Safe Haskell | None |
---|---|
Language | Haskell2010 |
The datasets
package defines three different kinds of datasets:
- Tiny datasets (up to a few tens of rows) are embedded as part of the library source code, as lists of values.
- Small data sets are embedded indirectly (via
file-embed
) in the package as pure values and do not require IO to be downloaded (i.e. the data is loaded and parsed at compile time). - Larger data sets which need to be fetched over the network and are cached in a local temporary directory for subsequent use.
This module defines the getDataset
function for fetching datasets
and utilities for defining new data sets and modifying their options.
It is only necessary to import this module when using fetched data sets.
Embedded data sets can be used directly.
Please refer to the dataset modules for examples.
Synopsis
- getDataset :: (MonadThrow io, MonadIO io) => Dataset a -> io [a]
- data Dataset a = Dataset {
- source :: Source
- temporaryDirectory :: Maybe FilePath
- preProcess :: Maybe (ByteString -> ByteString)
- readAs :: ReadAs a
- data Source
- getDatavec :: (MonadThrow io, MonadIO io, Vector v a) => Dataset a -> io (v a)
- defaultTempDir :: Maybe FilePath -> IO FilePath
- getFileFromSource :: FilePath -> Source -> IO (NonEmpty ByteString)
- readDataset :: ReadAs a -> ByteString -> [a]
- safeReadDataset :: (Vector v a, MonadThrow m) => ReadAs a -> NonEmpty ByteString -> m (v a)
- data ReadAs a where
- JSON :: FromJSON a => ReadAs a
- CSVRecord :: FromRecord a => HasHeader -> DecodeOptions -> ReadAs a
- CSVNamedRecord :: FromNamedRecord a => DecodeOptions -> ReadAs a
- Parsable :: Parser a -> ReadAs a
- ImageFolder :: NonEmpty String -> ReadAs (String, FilePath)

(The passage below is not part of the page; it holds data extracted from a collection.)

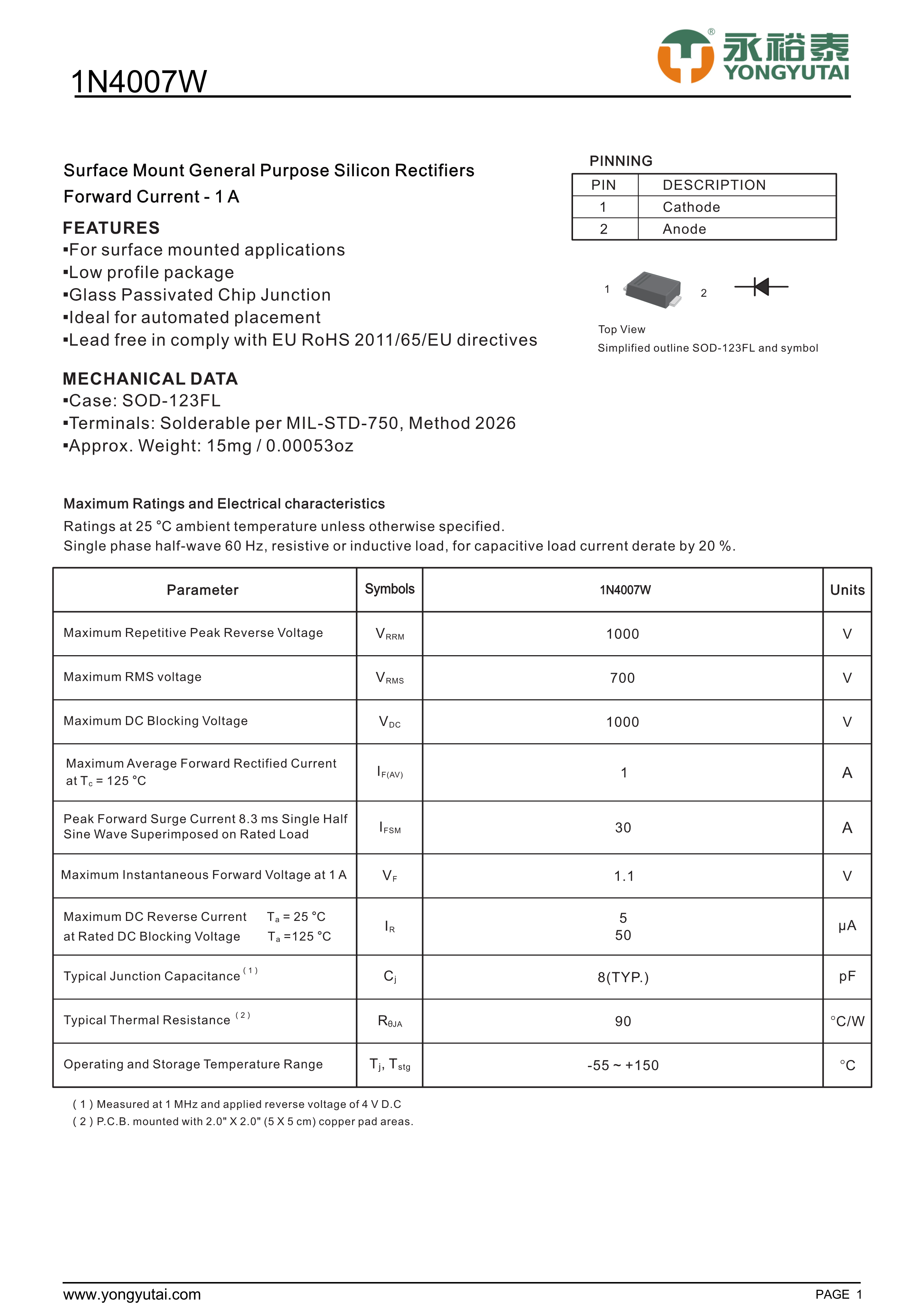 1N4007W 42MIL数据手册SOD-123FL封装YONGYUTAI(永裕泰)PDF规格书,中
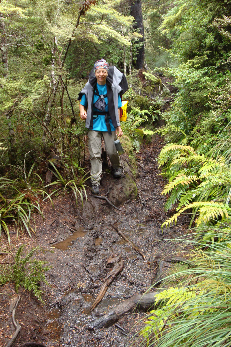 DSC04423 Published January 3, 2014 at 800 × 1200 in Round the Mountain Track (25-29 December 2013) ← Previous Next → The continuous rain turned the paths to a muddy pulp.
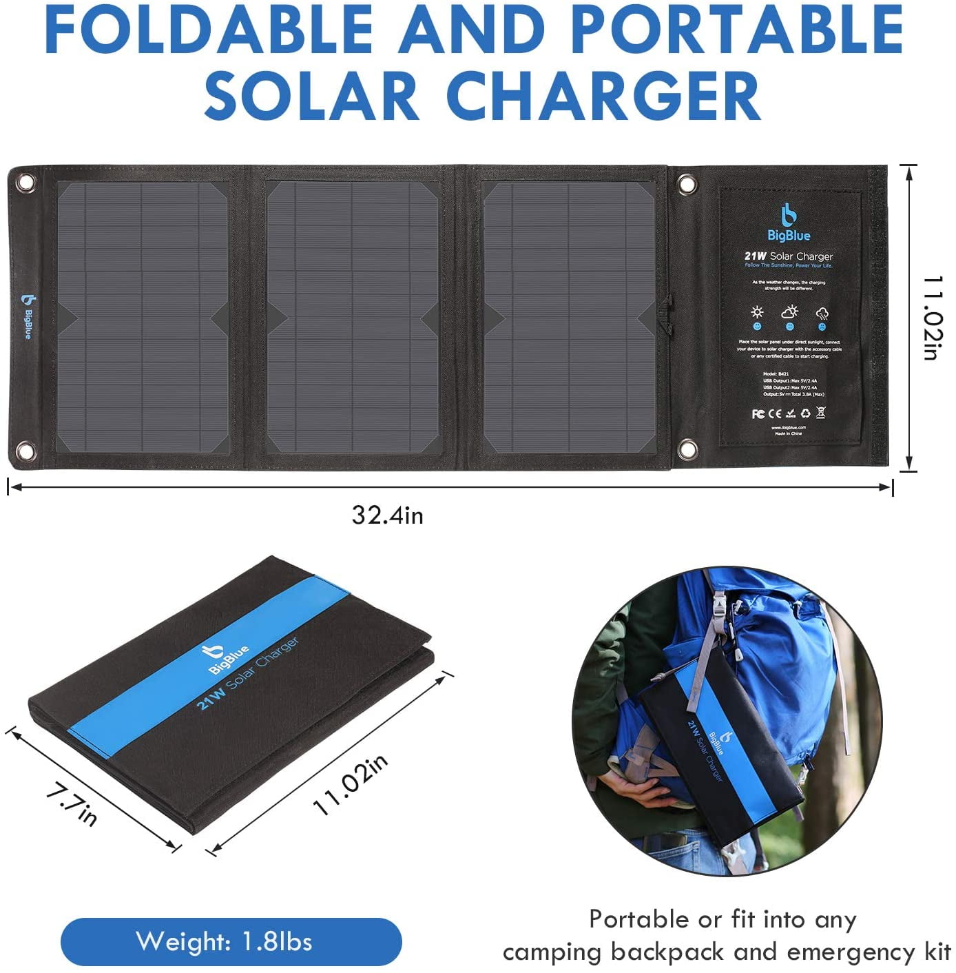 BigBlue 28W Solar Panel Charger With 3 USB Ports Compatible Device: • IPhone 13 / 12/ 11/ XS / XS Max / XR / X / 8 Plus / 8 / 7 Plus / 7 / 6S / 6 iPad mini 2 / 3 / 4 • Samsung Galaxy S22/ S21/ S20/ S10 / S10+ / S10e / S9 / S9+ / S8 / S8+ / Note 9 / Note 8 / Note 7 • Pixel 3/ 3a/ 2/ 1/XL, Nexus 6P/5X/9,LG G6/G5/G4/G3/V20, HTC 10, HTC One A9/M9’Google Pixel / Pixel 3XL, Nexus 5X / 6P, Sony XZ2 Premium, Sony XZ3,Tablets, Driving recorder, Navigator, Camera • Huawei P10 / Mate 9 / Mate 20X / Mate 20 Pro, USB LED flashlight, Tablets How to Use It? 1. Unfold four solar panels in the direct sunlight and no shadow or cover( The best angle is 45° toward the sun) 2. Then connect your phone or other 5V electronic devices to the USB output port. 3. The red LED light will go on when the solar panels works normally; It will flash when there are overcurrent or short circuit. Specification: • Conversion Efficiency: ≥23.5% • Solar Cell: SunPower • USB Output Voltage: 5V •Total Max Output Current: 4.8A •Folded Size: 11.1*6.3*1.3in (28.2*16*3.4cm) •Unfolded Size: 33.1*11.1*0.2 in (84*28.2*0.5cm) •Net Weight: 610g Package: • 28w Solar Panel Charger*1 • Buckles* 4 • USB cable*1 • User Manual*1 FAQ Q: Can they be chained with each other? A: They can be chained with each other using the buckles that comes with. But it is not possible to improve the power of the charge by using two solar chargers together. Each one has its own inner structure that can’t be connected with another one. Q: Is this rugged enough to be kept folded in a typical backpack with other gear pushing against it without damage? A: Of course it is very rugged, but please be careful to not over bend or scratch the panels. Q: Would it be Safe to charge 3 mobile battery packs/mobile batteries at once with this? A: Might take a while but it has 3 usb connections. Q: Do all four panels have to get sun for one usb port to charge? A: All the solar panels need to be exposed under direct sunlight, otherwise, the solar panels that are not exposed to the sun will become resistors, making it impossible to charge. Q: Do the panels have auto-restart while in the sun? A: Of course. It starts charging again the moment it produces enough output for the attached device to charge.
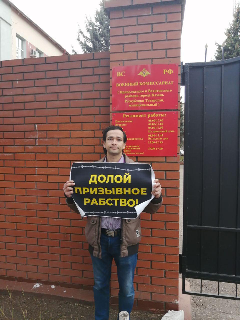 Либертарианец Ильдар Киямов провел сегодня в Татарстане пикет против призывного рабства.
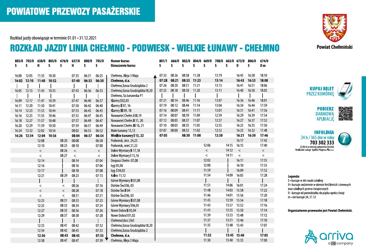 Z początkiem roku uruchomiona została linia autobusowa Chełmno - Podwiesk - Wielkie Łunawy - Chełmno. Poniżej zamieszczamy rozkład jazdy.

- csvRecord :: FromRecord a => ReadAs a
- csvDataset :: FromRecord a => Source -> Dataset a
- csvHdrDataset :: FromNamedRecord a => Source -> Dataset a
- csvHdrDatasetSep :: FromNamedRecord a => Char -> Source -> Dataset a
- csvDatasetSkipHdr :: FromRecord a => Source -> Dataset a
- jsonDataset :: FromJSON a => Source -> Dataset a
- withPreprocess :: (ByteString -> ByteString) -> Dataset a -> Dataset a
- withTempDir :: FilePath -> Dataset a -> Dataset a
- dropLines :: Int -> ByteString -> ByteString
- fixedWidthToCSV :: ByteString -> ByteString
- removeEscQuotes :: ByteString -> ByteString
- fixAmericanDecimals :: ByteString -> ByteString
- parseReadField :: Read a => Field -> Parser a
- parseDashToCamelField :: Read a => Field -> Parser a
- yearToUTCTime :: Double -> UTCTime
- umassMLDB :: Url Http
- uciMLDB :: Url Https
Documentation
getDataset :: (MonadThrow io, MonadIO io) => Dataset a -> io [a] Source #
Load a dataset into memory
A Dataset
contains metadata for loading, caching, preprocessing and parsing data.
Dataset | |
|
A Dataset
source can be either a URL (for remotely-hosted datasets) or the filepath of a local file.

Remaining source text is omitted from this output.